Kanserde en iyi tedavinin erken teşhis olduğunu artık birçoğumuz biliyoruz. Araştırmalar, beslenmenin birçok kanser türü üzerinde yüzde 10 ile yüzde 70 arasında etkisi olduğunu bildiriyor. Antioksidan açısından zengin, yeterli ve dengeli bir beslenme programı atılacak en kıymetli beslenme adımlarından
Hoş geldin nisan ayı, hoş geldin bahar. Yarın nisan ayının ilk gününe merhaba diyeceğiz. Bu hafta aynı zamanda Ulusal Kanser Haftası. Gelin biraz küresel verileri gözden geçirelim. Dünyada her yıl yaklaşık 19 milyon kişi kansere yakalanırken, 9.9 milyon birey ise kanser nedeniyle hayatını kaybediyor. Dünya Sağlık Örgütü, 2050 yılına kadar 35 milyonun üzerinde yeni kanser vakası görüleceğini öngörüyor; bu sayı 2022’deki tahmini 20 milyon vakaya kıyasla yüzde 77’lik bir artışa denk geliyor. Ölüm nedenlerine bakıldığında ülkemiz için her 5 ölümden birinin kanser nedeniyle gerçekleştiği biliniyor. Elbette sizi olumsuz verilerle boğmayacağım, kanser hakkında bilinen doğru yanlışlardan ve önerilerden bahsetmek istiyorum.

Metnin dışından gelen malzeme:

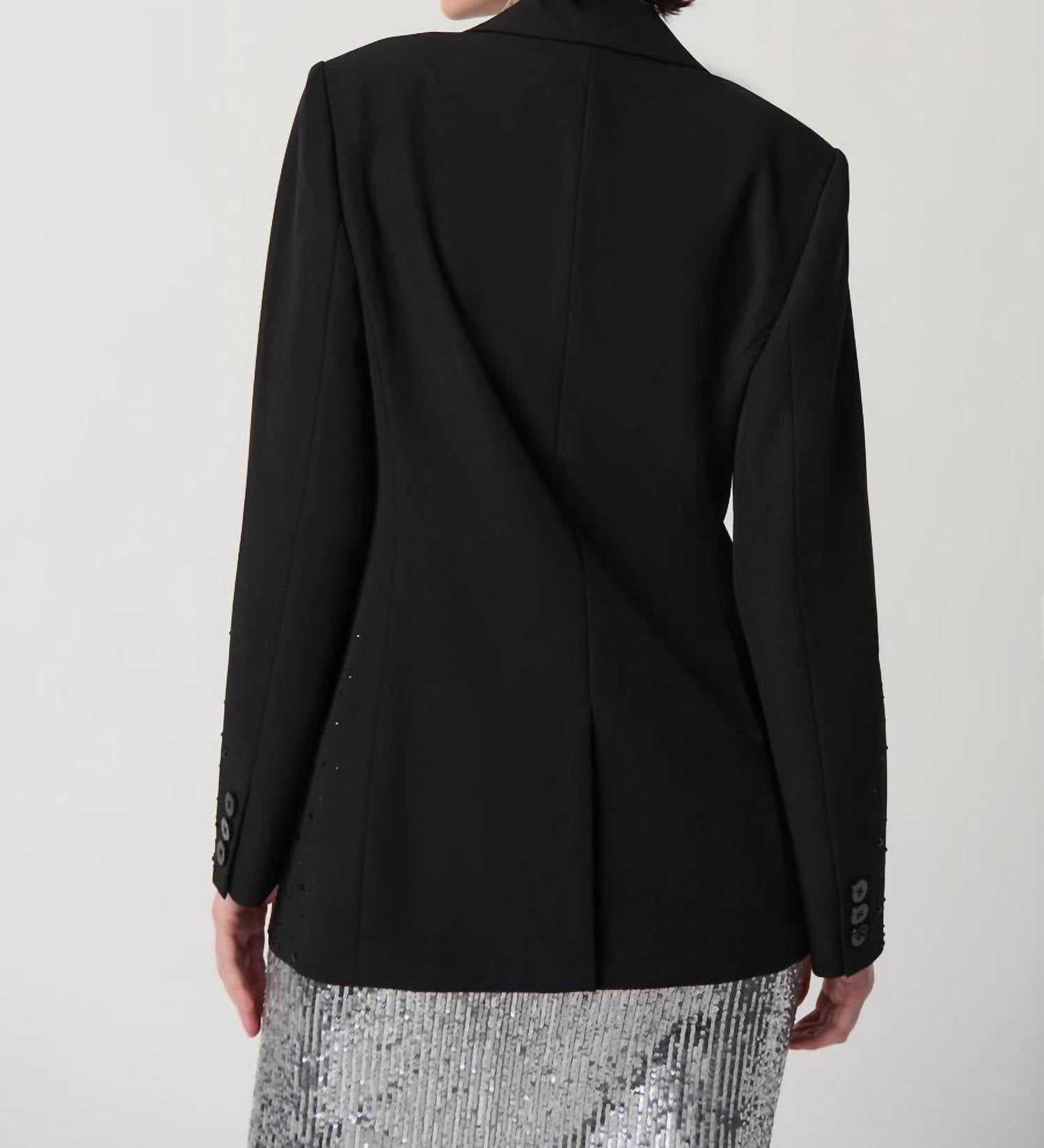 Tailored to perfection, this blazer will be your go-to jacket for years to come. Elevate your wardrobe with the Iron-on Embellished Style Blazer from Joseph Ribkoff, a sophisticated choice for black-tie events. This women's blazer, in textured black, features a notched collar and long straight sleeves, creating a sleek and polished fit. Crafted from polyester, it is fully lined and fastens with a single button closure. Care instructions include hand washing in cold water with like colors and laying flat to dry in the shade, ensuring this statement piece remains immaculate. Model is 5'10'' and wearing size 6.
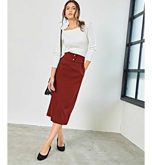 ☆2018AW 新作☆付属の太めの共ベルトでウエストマークする着こなしが新鮮♪ すっきりしたIラインシルエットに、太ベルトをポイントに合わせたヴィンテージムードたっぷりなタイトスカート。スカートの上端まですっぽりとベストで隠すようにベルトを装着するのがポイント。後ろにゴムが通っているので着やすく、多少のサイズ調整も可能。こちらの商品は同素材で ・パンツ SMF フルフランハイウエストテーパードPT 品番:6614-144-0747・SMF フルフラン ベルテッドダブルJK 品番:6622-144-0318・ビスチェ SMF フルフラン ビスチェ 品番:6616-162-0866もご用意しておりますので、セットでの着用もオススメです。店舗へお問い合わせの際は、全国のJewel Changes 各店舗まで下記の品名/品番をお申し付け下さい。品名:SMF フルフラン HW ベルトタイト SK 品番:66241441305※画像の商品はサンプルです。実際の商品と色味、仕様、加工、サイズ、素材等が若干異なる場合がございます。 ジュエルチェンジズ/Jewel Changes Jewel Changes|スカート|スカート
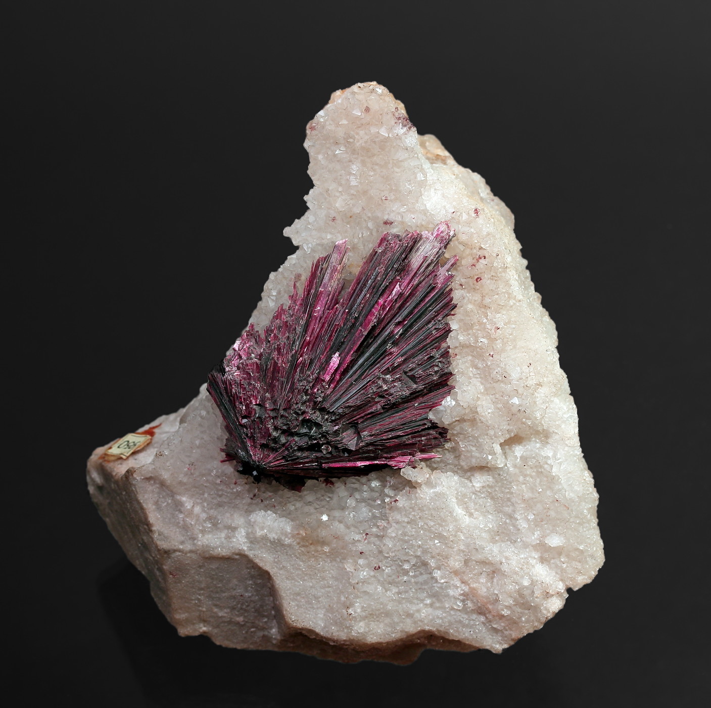 Erythrin Kristall auf Calcit**, höhe des Kristalls  4 mm.
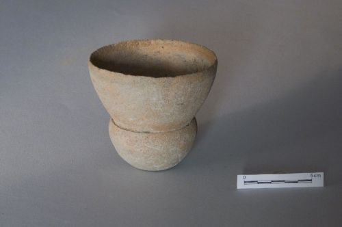 alto orlo inclinato all’esterno, corpo carenato, fondo piano; il punto di congiunzione fra orlo e corpo è sottolineato da una scanalatura
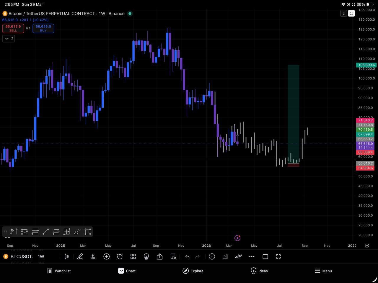 If we get the kind of weekly candle formations I’ve marked on the chart, there’s a real chance of catching a large move, possibly 50k+, as a positional swing.
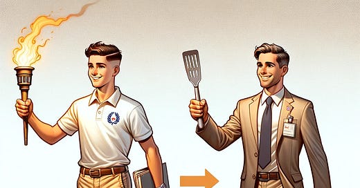 There’s not much of a difference (in terms of activity and relationship, not substance) between what this guy describes and joining a startup or building a new technology – style, intellect, challenge, risk.
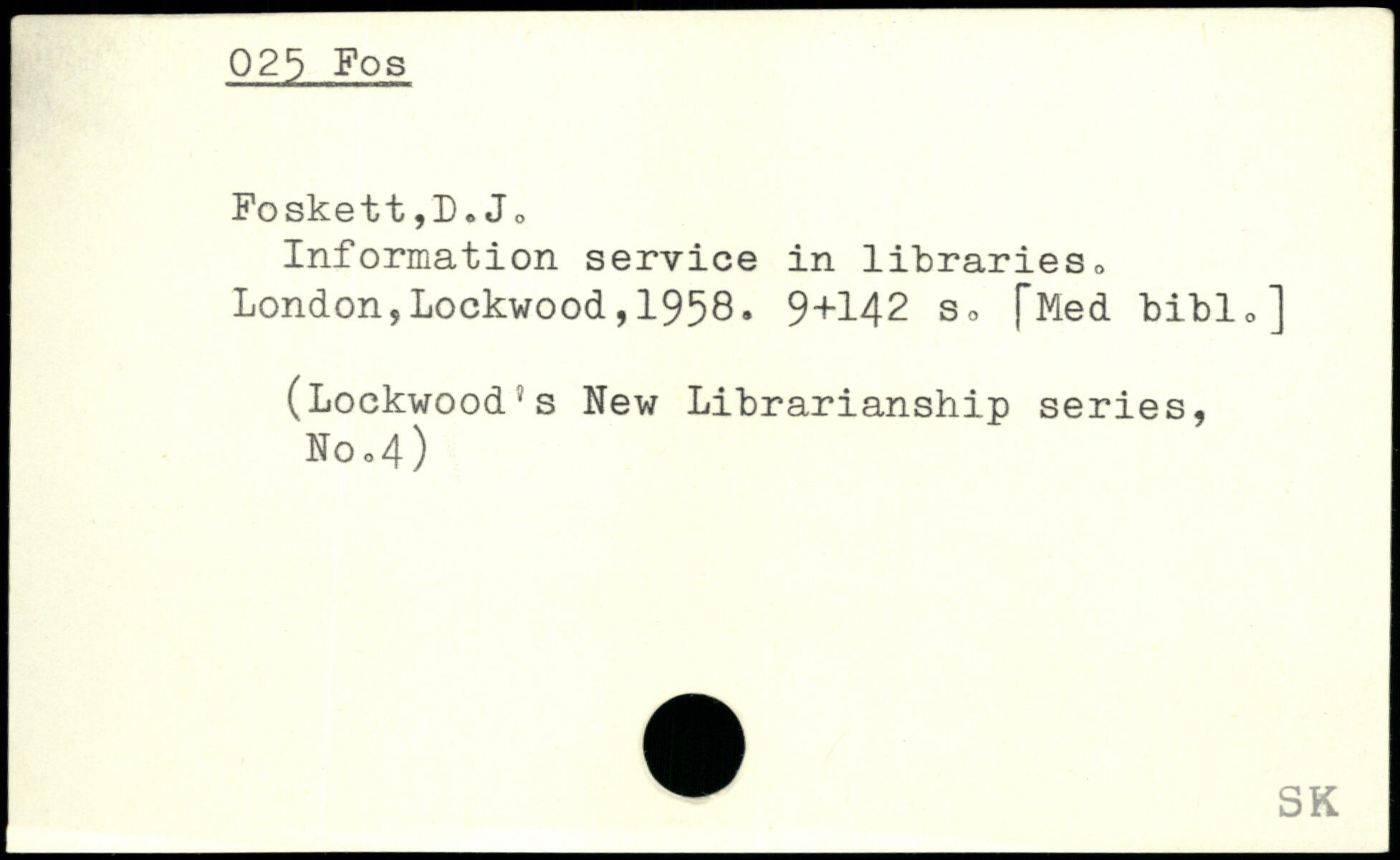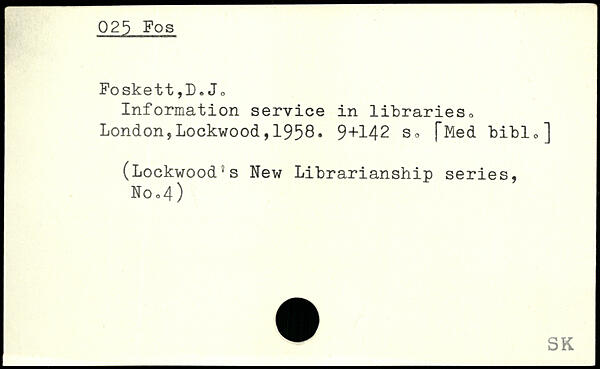 Information service in libraries, London,Lockwood,1958. 9+142 s, [Med bibl,] (Lockwood’s New Librarianship series, Noo4)
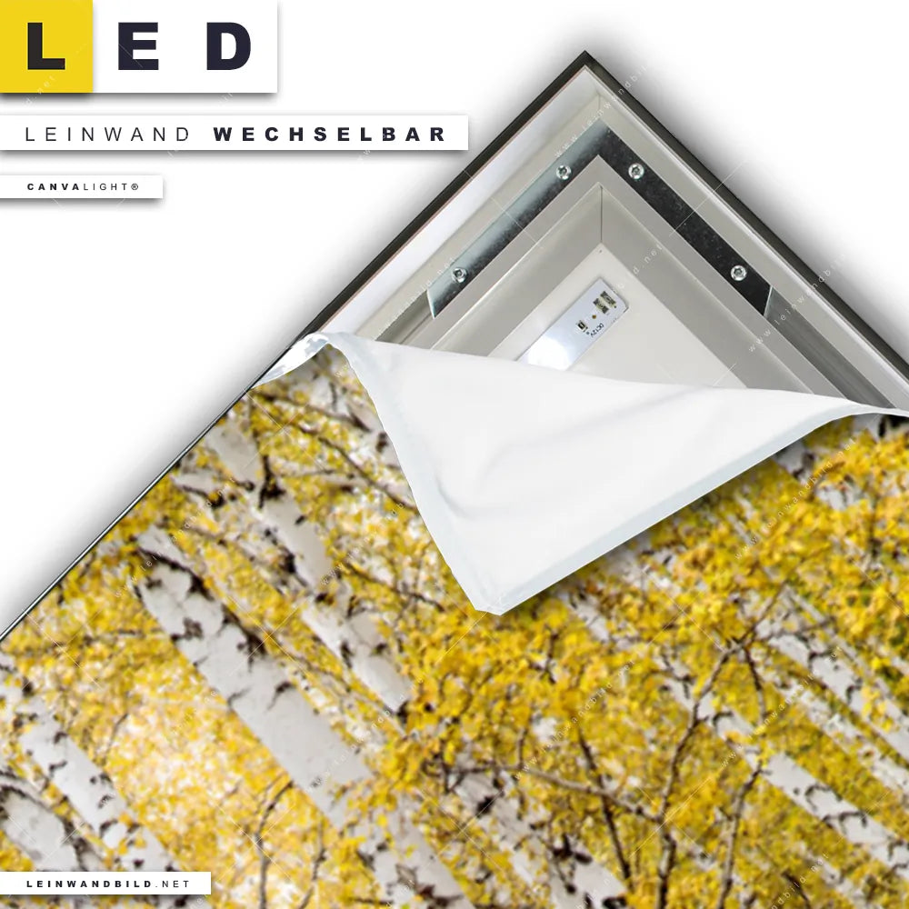 Du konfigurierst Dein individuelles LED Leinwandbild Canvalight® TEX | Gelber Birkenwald | Panorama und wir produzieren es NEU für Dich. Unsere Landschaften, Wald - Bäume LED Bilder mit wechselbarer Textil-Leinwand sind KEINE Lagerware. Du bist Dir unsicher, welches Motiv oder Format das richtige für dein individuelles Canvalight® Leuchtbild ist, dann helfen wir dir gerne weiter und beraten dich!

Risk faktörlerini azaltmak için daha sağlıklı bir yaşam tarzını benimsemek, ideal kiloyu korumak, stresi azaltmak, düzenli uyku, fiziksel olarak aktif olmak ve sağlıklı beslenme çok değerli. Hipokrat’ın sözünü hatırlayalım: “Besinler ilacınız, ilacınız besininiz olsun.”
ÖNLEYİCİ KEMOTERAPİ
Galler Prensesi Kate Middleton, geçtiğimiz günlerde yayınladığı bir video ile kanser teşhisi aldığını ve önleyici kemoterapiye başladığını açıkladı. Önleyici kemoterapi, geçirilen ameliyattan sonra kanserin tekrar oluşma ihtimalini azaltmak için uygulanan tedavi olarak tanımlanabilir. Ne sıklıkta ve ne kadar uzun süreceği kanserin türüne ve yayılma hızına göre belirleniyor.
YAPAY ZEKÂNIN ROLÜ
Diğer yandan, bilim insanları, kanser aşısı ile ilgili çalışmalarını hızlandırıyor; bu konu dünya genelinde tartışma konusu, son gelişmeleri gerek akademik yayınlardan gerek ise farklı kanallardan hep birlikte takip ediyoruz. Tedavi protokolünde umut verici bir detay ise yapay zekâ. Meme ve akciğer gibi sık görülen kanserlerin erken teşhisinde yapay zekâ desteği kullanılmaya devam ediliyor. Yapılan çalışmalar, bu uygulamaların kanser tanısına kadar geçen süreyi yaklaşık yüzde 50’ye kadar azaltabildiğini, aynı zamanda erken teşhisi artırabileceğini gösteriyor. JAMA Network Open dergisinde yayımlanan bir başka çalışmada ise yapay zekâ sayesinde, hastaların kanser evreleri ve hastalık risk oranları hesaplanarak tedavi protokolü desteklendiği belirtilmiş.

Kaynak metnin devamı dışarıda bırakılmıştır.